Kona was a horse Jelen used to work with in Portland. After several trips down to the barn with her camera, the horses eventually got used to her presence and Kona in particular liked it so much he began 'posing' for the artist — looking off at the horizon or just standing still. "He was a character," she says. "I was very involved in this photo shoot and as I stood behind him I realized he was like the horizon and the sky came out of him, so those are the origins of that painting. It looks like a landscape, but it's a horse's back with trees in the skyline."

The White Horse is a painting of a Lusitano stallion owned by friends of the artist. A photographer shot a series of photographs of the horse and allowed Jelen to use them for reference. "You'd never know he was a stallion," she shares. "He's a sweet, round mellow dude that does his job and only wants to do the right thing, so I painted him soft, incorporating a blue shadow instead of a dark one."

Jelen recently participated in an exciting project where she was invited along with 186 other artists to paint a 21-inch panel that would become part of a giant mural entitled Le Cadeau Du ChevalThe Horse Gift conceived by designer Lewis Lavoie.
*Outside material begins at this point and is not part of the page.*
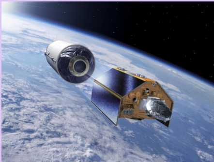
Sentinel-6B release into orbit.

On 17 November 2025, the Copernicus Sentinel-6B satellite entered orbit, continuing a decades-long mission to measure global sea-surface height. Building on Sentinel-6 Michael Freilich, the new satellite uses advanced radar altimetry to extend a record dating back to the early 1990s. These data are essential for tracking sea-level rise and guiding climate policy. Launched aboard a SpaceX Falcon 9 from Vandenberg, Sentinel-6B is now operated by ESA and will soon transfer to EUMETSAT, supporting accurate ocean and climate monitoring.
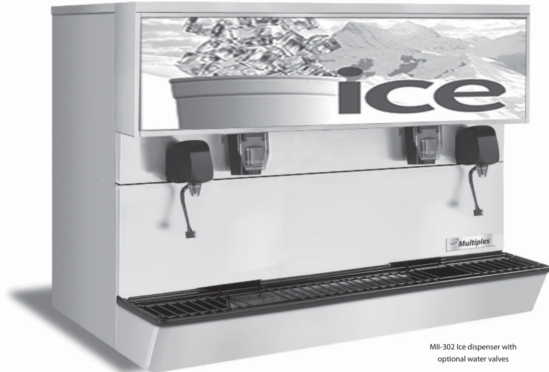
MII-302 Ice dispenser with optional water valves

The goal of the piece was to celebrate the horse in a traveling exhibit at international venues for one to two years, with the end goal of donating the mural to a permanent public showcase. The piece took 18 months to complete and was unveiled last September at Spruce Meadows in Calgary Alberta Canada.

"The white horse has stood throughout history as a symbolic hero among other things," says Jelen. "When you consider the horse has given its life to help humans accomplish what we want time and time again, most horses of any color are heroes. Some of us are lucky enough to be best friends and work companions of these sensitive, intelligent and amazing animals. Many of us find horses inspire beauty, healing and hope. They link us to what is wild and free in nature and in ourselves. The size and diversity of this mural represents how big the equine heart is and we pay tribute with our paintings and thank the horse for what it has gifted us."

Jelen's work will be featured the month of February at the High Desert Gallery in Redmond and Sisters and on Oregon Art Beat, February 19 at 8pm and again on Sunday, February 22 at 6pm.

After a long history of working on ranches in the Rockies, the artist draws her inspiration from natural surroundings as well as memory. She got in sync with the seasons and the way light travels across the sky and attests to the grounding and inspirational feeling from being out in nature. Artist Georgia O'Keefe is another source of inspiration for Jelen, who sees her as someone who took the time to really look at something for what it was. "I admire people like Georgia O'Keefe and Jane Goodall because they poured their souls into what they were doing and were brave enough to live their lives doing what they believed in their way. I'm working on that. I've learned to do what comes naturally and stop being frustrated about not being able to recreate an image perfectly onto the canvas but use that same image in my mind as inspiration instead. It's about allowing ourselves our own way of expression."